Honestly, though, my feelings were hurt deeply and repeatedly this weekend. Someone laughed in my face, another person made snide comments to me, a third person was purposefully mean to Cupcake (a grown up no less!) all within a thirty minute period. That was just at one event this past weekend. I won’t go into the others.

I think it is easy to look at someone who is attractive and married to an attractive person and has attractive children around them and think, Ugh. There is NO reason to be kind to them. Their life is perfect and mine is not and I am going to treat them badly so they know what life is like for the rest of us!

I can tell you right now: my life is not perfect. If you want some proof, read more blog posts of mine. Here’s one. Here’s one. Here’s another.  No one has a perfect life. No one will have a perfect life on earth. But you have the ability to be kind to others. You have the ability to make someone cry in the car for thirty minutes or make them feel welcome in new surroundings. You can be really, really, really ridiculously good looking on the inside.

Thirsty Thursday: Forgiven Much

I have two newly pregnant friends. One is married. One is not. I have been sharing as much as I can with both of them, because being pregnant is hard and scary and everyone deserves support. I’ve been through some serious stuff, so I know I have the ability to be a comfort. I message them both with things that are relevant to pregnancy and sent both of them Mother’s Day cards. One is extremely thankful and the other one doesn’t give me the time of day.

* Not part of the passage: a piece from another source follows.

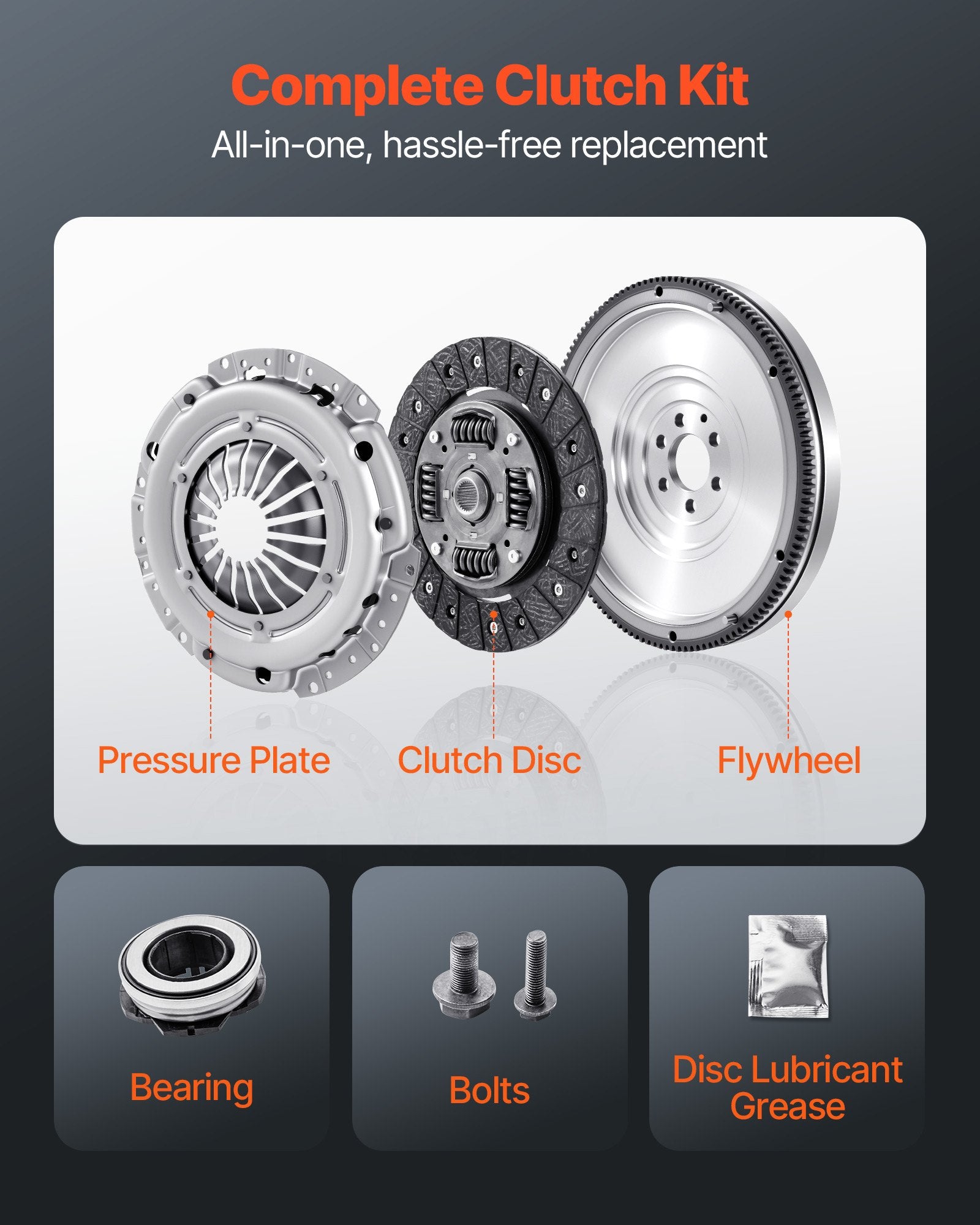 - All-in-One Kit: This kit includes a flywheel, clutch disc, pressure plate, bearing, bolts, and disc lubricant grease—everything you need for a full replacement. Skip the hassle of hunting for extra parts and get your clutch system fixed in one go

Which one would you guess is the thankful one?

It is not the married one.

I am not reaching out to these pregnant ladies for applause or for attention. I do not expect any thanks. I am doing it out of a genuine hope to be helpful and ease the pain of a stressful time. But it brought something to mind.

Jesus was invited to dinner at an important, religious man’s house named Simon. While they were dining, a woman who was known to have a bad reputation, came into the house. She cried so hard at Jesus’ feet that His feet got wet. She wiped His feet with her hair, kissed His feet, and even broke an expensive bottle of perfume and poured it on His feet. Simon thought, If Jesus was who people say He is, He would KNOW who this woman is and He would NOT let her touch His feet.

Jesus then told him a story about two people who owed debts. One owed 500 denari and the other owed 50. Neither could pay their debt, so the moneylender decided to cancel their debts. Then Jesus asked him which he thought would love the moneylender more. The religious man answered that he thought it would be the one who had the greater debt.

You have judged rightly. Then turning toward the woman he said to Simon, “Do you see this woman? I entered your house; you gave me no water for my feet, but she has wet my feet with her tears and wiped them with her hair. You gave me no kiss, but from the time I came in she has not ceased to kiss my feet. You did not anoint my head with oil, but she anointed my feet with ointment. Therefore I tell you, her sins, which are many, are forgiven–for she loved much. But he who is forgiven little, loves little.Luke 7:43b-47

When I was younger and dumber, I mean, less perceptive, I thought, Oh no! I don’t sin that much, so my love for God isn’t going to be great.

Wow.

I would find it funny if it weren’t so shamefully embarrassing.

I read that we have on average 82,000 thoughts a day. Let’s say all your thoughts for a single day are sinful. Jesus paid the price for 82,000 sins. Let’s say your thoughts are sinful for a week. That’s 574,000 sins that Jesus paid for with His blood. Let’s say your thoughts are continually sinful for a month. 2,542,000 sins covered by Jesus. Let’s go crazy. We’re going to suppose your thoughts are sinful for a full calendar year, 365 days. Jesus wiped away 29,993,000 sins through His death on the cross.

That’s just thoughts, people! I’m not even going into words you say or actions.

I know that I wrestle with my thoughts on a daily basis.

We should not let our socially acceptable sin blind us to the fact that they are sins and that we are sinners in need of a Savior. We all have fallen short. We all have been forgiven much. Don’t let pride get in the way of seeing how good you really aren’t and how great God really is.